Finnish writer and journalist

Juha Tapio Vuorinen (born 31 March 1967) is a Finnish writer, columnist and radio personality. He is best known for his five-volume book series The Hangover Diaries, particularly the first volume Totally Smashed! (in Finnish Juoppohullun päiväkirja). Since 1983, Vuorinen had been working as a reporter for radio and television, a director, a screenwriter and a producer.

==Career==
===Radio===
At the age of 16, Vuorinen had his first radio show for the show Ocsid. At the beginning of 2013, Vuorinen returned to the Aamulypsy show for Radio Suomipop. He also had the radio columns "Vuorissaarna" ("Vuorinen's Preaching") ja "Annos Andalusiasta" ("A Bit from Andalusia") for the same channel. Vuorinen became a panelist on the show Hyvät ja huonot uutiset on Nelonen in 2017.

===Writing===
====Books====
In spring of 1998, Vuorinen was asked to write a comedy piece for the keskus.net portal. He had just done a radio show about Tarno Manni whose play Mielipuolen päiväkirja ("Diary of a Maniac") gave him the idea for Juoppohullun päiväkirja (lit. "diary of a dipsomaniac"). At first, Vuorinen had a blog, but it was eventually made into a book at the request of his readers.

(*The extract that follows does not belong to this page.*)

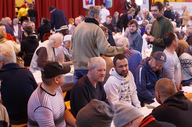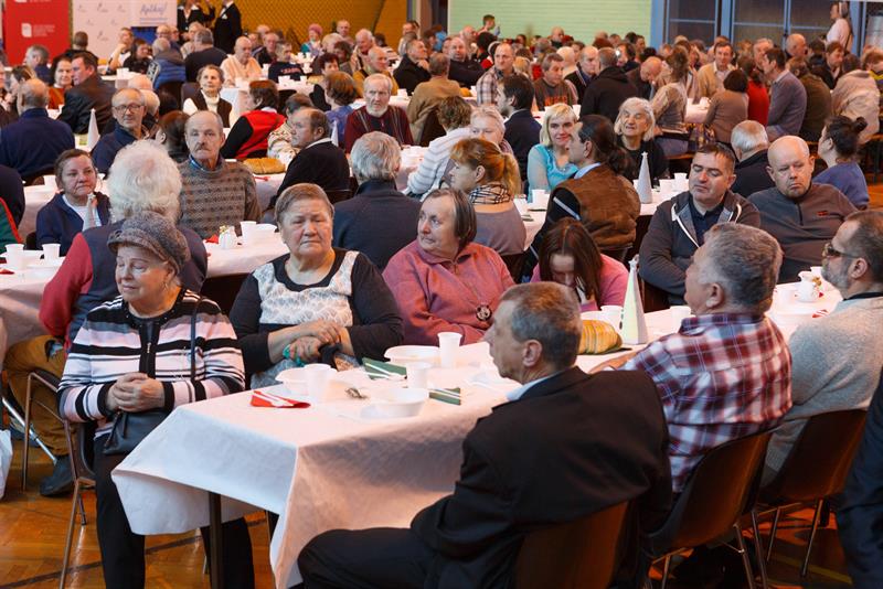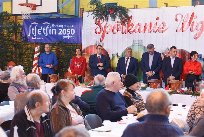 Spotkanie wigilijne dla osób bezdomnych, samotnych i starszych odbyło się w piątek (20 grudnia) w hali Zespołu Szkół nr 3 przy ul. Gen. Józefa Sowińskiego w Szczecinie. Do świątecznych stołów zasiadło czterystu gości. Życzenia złożyli im m. in. przedstawiciele władz miasta i województwa.

After the first printer refused to print "this kind of shit", Vuorinen started his own self-publishing at a copy shop in Kerava. In 2002, the publisher Like was interested in the book and released it as a paperback, releasing 36,000 copies until Vuorinen bought back the rights for his own publishing company Diktaattori. By the end of 2013, 200,000 copies of Totally Smashed! had been sold.

Totally Smashed! has been sold in Germany, Austria and Switzerland (as Göttlich versumpft: Aus dem Tagebuch eines Saufkopfs), Norway (as En finsk fyllefants dagbok), Sweden (as Dilledagboken) and Estonia (as Joomahullu päevaraamat). Vuorinen currently has nine of his books published in Estonian. The fourth volume of The Hangover Diaries, Vaippaihottuma (Diaper Rash!), became the most sold book in Estonia when it was released and is Vuorinen's fourth novel to be on Estonia's the top ten list. The book was translated into English in 2017.

Vuorinen's books have virtually always been at the top of the paperback lists, outselling the 200,000 copy limit for receiving a Kultapokkari ("Golden Paperback") award. Vuorinen sells his books through Diktaattori Oy. In all, he has sold over 2 million books in Finland.

Totally Smashed! was made into a film which premiered on 28 December 2012. It premiered in Estonia in January 2013.

Once a year since 2009 Vuorinen has been releasing a charity paperback, with the proceeds going to, for example, homeless and women's shelters.

====Columns====
In May 2008, Vuorinen began writing columns for Metro Live online. In January 2011, he took his columns to Iltalehti. He began writing columns for Apu in April 2016.

==Personal life==
Vuorinen lives in Spain and Finland with his wife. Vuorinen has four children.